Although box and whisker plots, dot plots, and histograms help us see qualitative patterns in our data, they do not allow us to express this information in a quantitative way. For example, in Figure 3 and in Investigation 10 we learned that the distribution of yellow M&Ms in 1.69-oz bags is relatively similar between the three different sources, although the plot for samples purchased from Target has much shorter whiskers and the individual results seem more tightly clustered than is the case for samples purchased at CVS and at Kroger, and the box for the samples purchased from Kroger is quite a bit wider than is the case for the samples from CVS and Target.
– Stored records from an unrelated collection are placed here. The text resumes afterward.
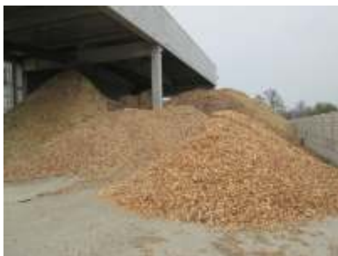
Impianto di recupero a Noale (Ve)

Adeguamento logistico/operativo dell'impianto di smaltimento e recupero di rifiuti speciali pericolosi e non pericolosi. Modifica alla D.G.R. n. 2399 del 29/11/2011. Comune di localizzazione: Cassola (VI). Esclusione dalla procedura di V.I.A con Decreto Regione Veneto n. 74 del 10.9.2018. In fase di redazione la variante ai sensi art. 29-ter D. Lgs. 152/06. Anno 2018-2019.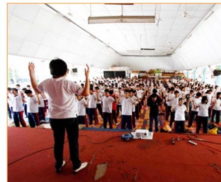
▲ 左图为西班牙萨拉戈萨市公立学校中学师生们一起学炼法轮功，右图为印尼苏西天主教高中学校学生在学炼法轮功。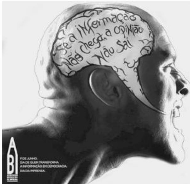
Zero Hora, jun. 2008 (adaptado).

Dia do Músico, do Professor, da Secretária, do Veterinário... Muitas são as datas comemoradas ao longo do ano e elas, ao darem visibilidade a segmentos específicos da sociedade, oportunizam uma reflexão sobre a responsabilidade social desses segmentos. Nesse contexto, está inserida a propaganda da Associação Brasileira de Imprensa (ABI), em que se combinam elementos verbais e não verbais para se abordar a estreita relação entre imprensa, cidadania, informação e opinião. Sobre essa relação, depreende-se do texto da ABI que,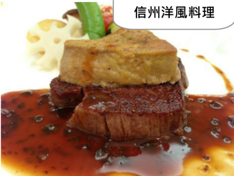
長野必嚐名物- 信州洋風料理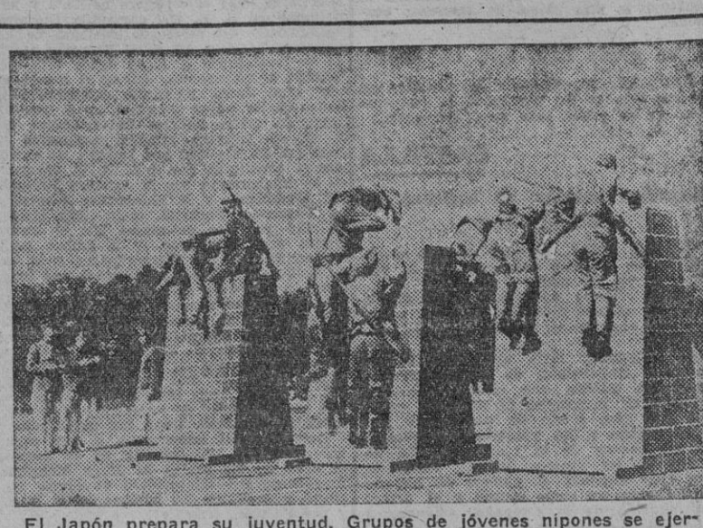
El Japón prepara su juventud. Grupos de jóvenes nipones se ejercitan en prácticas de disciplina y formación para fortalecer su cuerpo y su espíritu.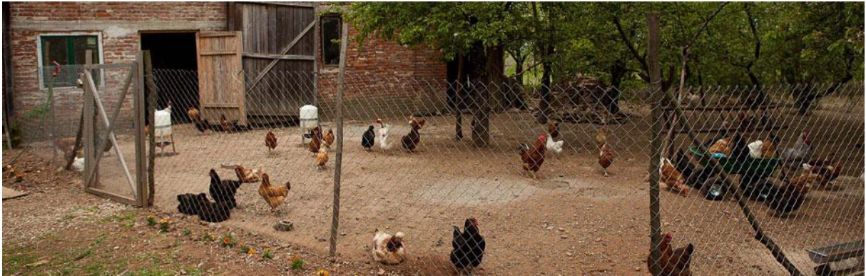
Slika 12 : Ekološki uzgoj kokoši (Linatura, 2016.)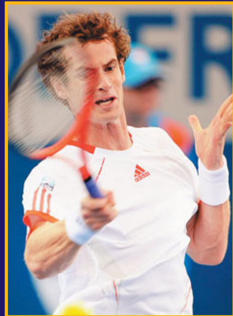
■梅利已聘請蘭度任教練衝擊大滿貫錦標。資料圖片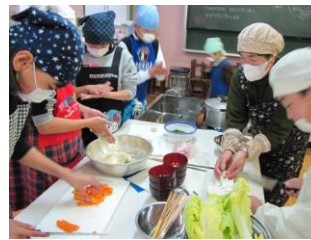
【6年「郷土料理を作ろう」】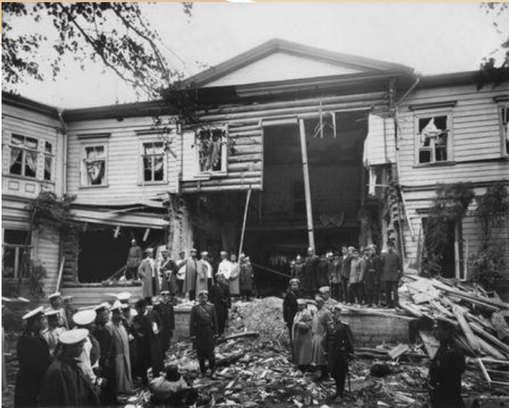
Дача Столыпина после взрыва. Август 1906 г.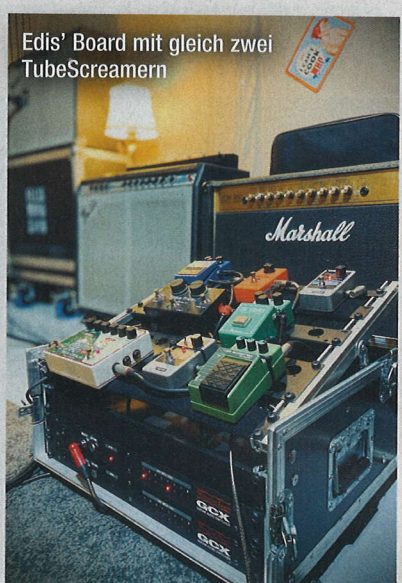
Edis' Board mit gleich zwei TubeScreamern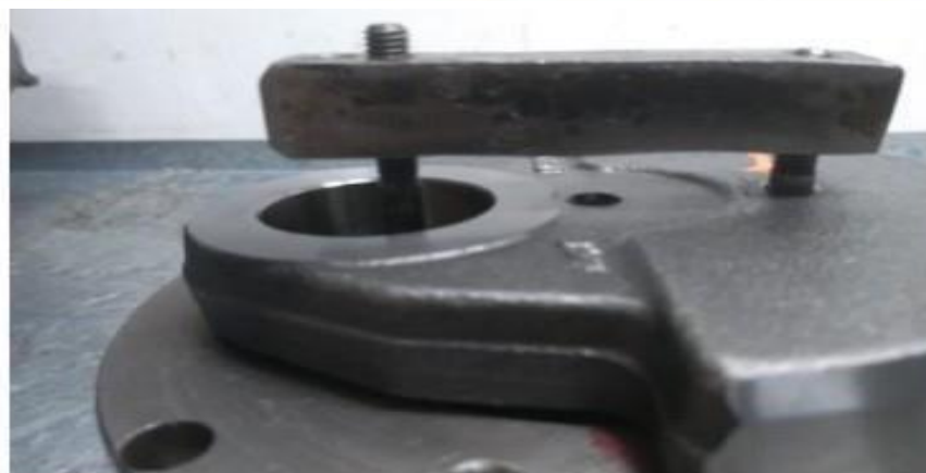
Imagem 5 – detalhe do saque da engrenagem com auxílio do furo e da ferramenta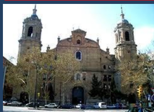
Santiago el Mayor de Zaragoza, inmatriculada en 1987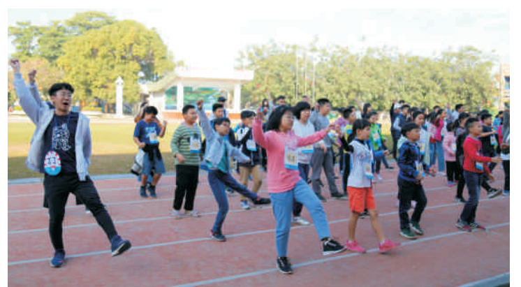
▲ 高雄地區校友會帶著小朋友一起做早操讓一天有個活力的開始

動，讓孩子們不單單只是坐在教室裡聽課，還安排團體合作活動，可以學習團隊互助合作的重要。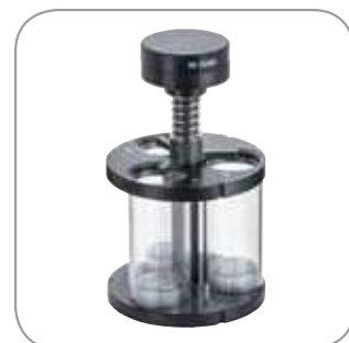
Panier de contrôle spécial pour comprimés de grande taille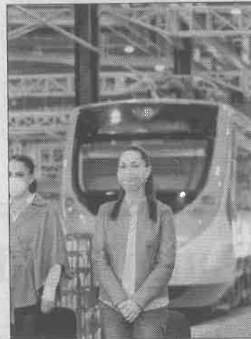
▲ La jefa de Gobierno acompañó al presidente López Obrador y a Alfredo del Mazo, mandatario mexiquense, a un recorrido por las obras del Tren Interurbano. México-Toluca.

Como resultado de la intervención se han realizado 224 mil 55 visitas informativas casa por casa, se entregaron 2 mil 338 apoyos y se ha ayudado a 362 comerciantes de venta de alimentos en vía pública.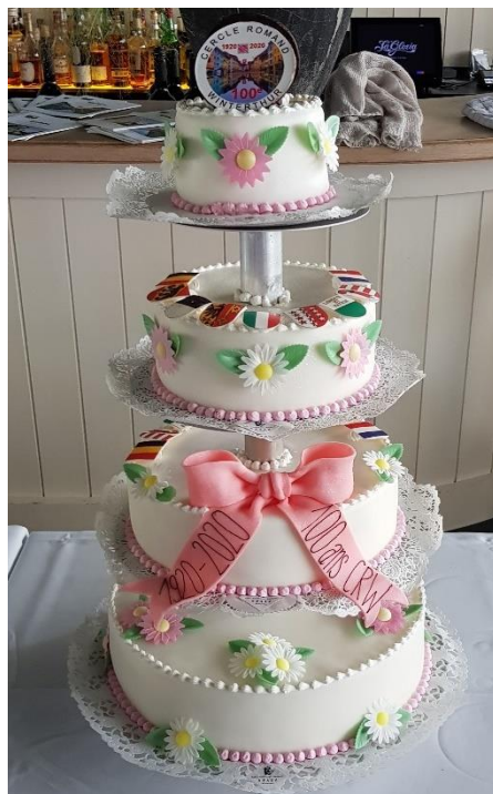
La magnifique pièce montée du dessert

Bravo et merci pour cette excellente organisation et cette belle ambiance.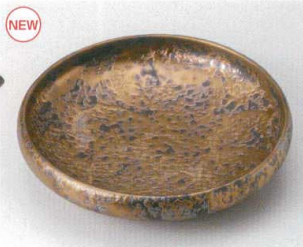
NEW 24-102-052 2,800円 ブラック&ゴールドくくり手鉢 小 (15.7×3.5) 1202410205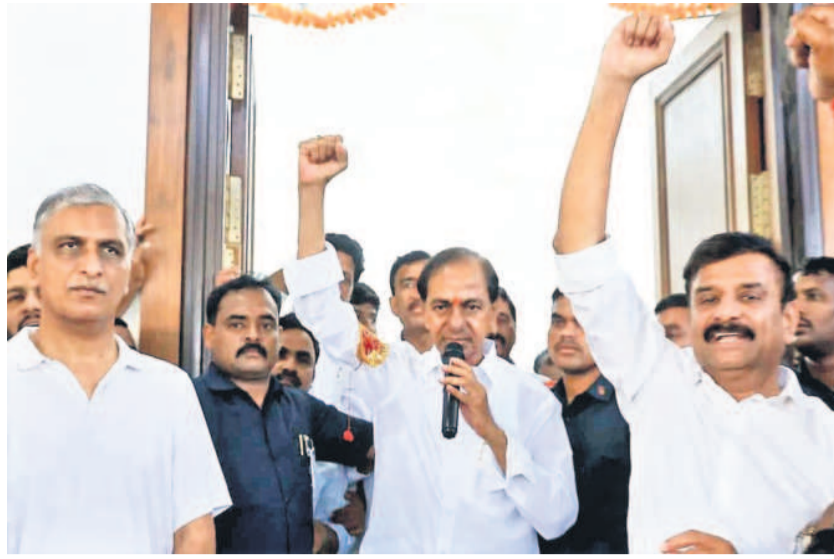
సిద్దిపేట జిల్లా ఎర్రపల్లిలోని తన నివాసానికి తరలివచ్చిన బీఆర్ఎస్ శ్రేణులు, అభిమానులకు ఉగాది వండుగు శుభాకాంక్షలు తెలుపుతూ అభివాదం చేస్తున్న అధినేత కేసీఆర్. వక్రవ హతీ, కొత్త ప్రభాకర్ రెడ్డి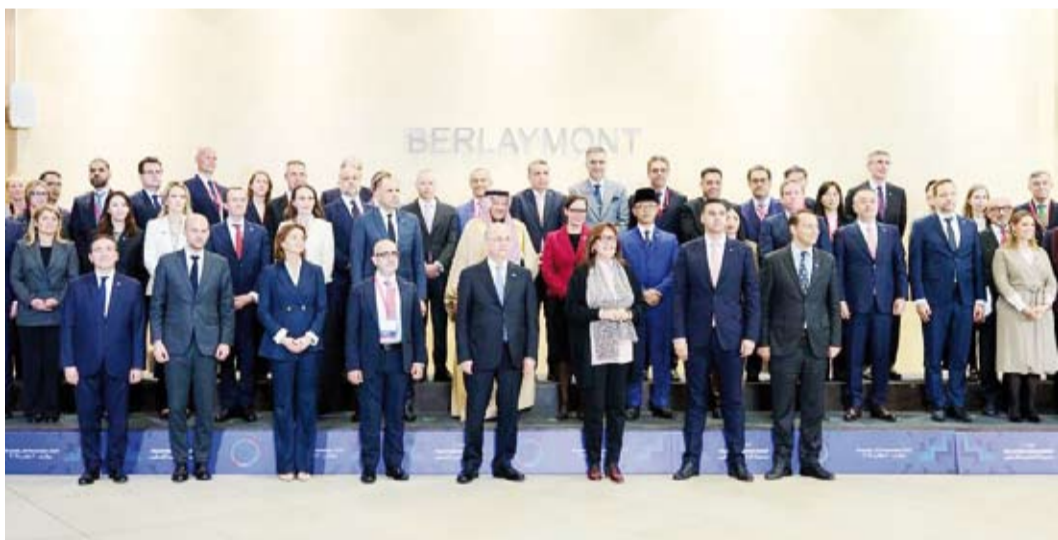
لقطة جماعية للمشاركين

الإعمار في دولة فلسطين الشقيقة. وفي الوقت ذاته، شدد السفير معرفي على ضرورة اضطلاع المجتمع الدولي بدوره لحل جذور الأوضاع الكارثية التي تشهدها سائر الأراضي الفلسطينية المحتلة والتي تتفاقم مع استمرار سلطات الاحتلال الإسرائيلي في ارتكاب جرائمها ضد الشعب الفلسطيني الشقيق في انتهاك للقانون الدولي والقانون الدولي الإنساني والمواثيق الدولية والقيم الإنسانية.

Qualitative phrases such as “relatively similar,” “much shorter,” “more tightly clustered,” and “quite a bit wider” are, frankly, fuzzy, but in the absence of a more quantitative way to characterize our data, we have little choice but to adopt such fuzzy terms. When we summarize data, our goal is to report quantitative characteristics, or statistics, that we can use to provide clearer statements about the differences and the similarities between results for different variables, or between the results for a variable and an expected result already known to us. In this part of the case study we consider several useful statistics that we can use to summarize the data for our samples.
Investigation 15 Before we consider ways to summarize our data, we need to draw a distinction between a sample and a population. We collect and analyze samples with the hope that we can deduce something about the properties of the population. Using our data for M&Ms as an example, define the terms sample and population.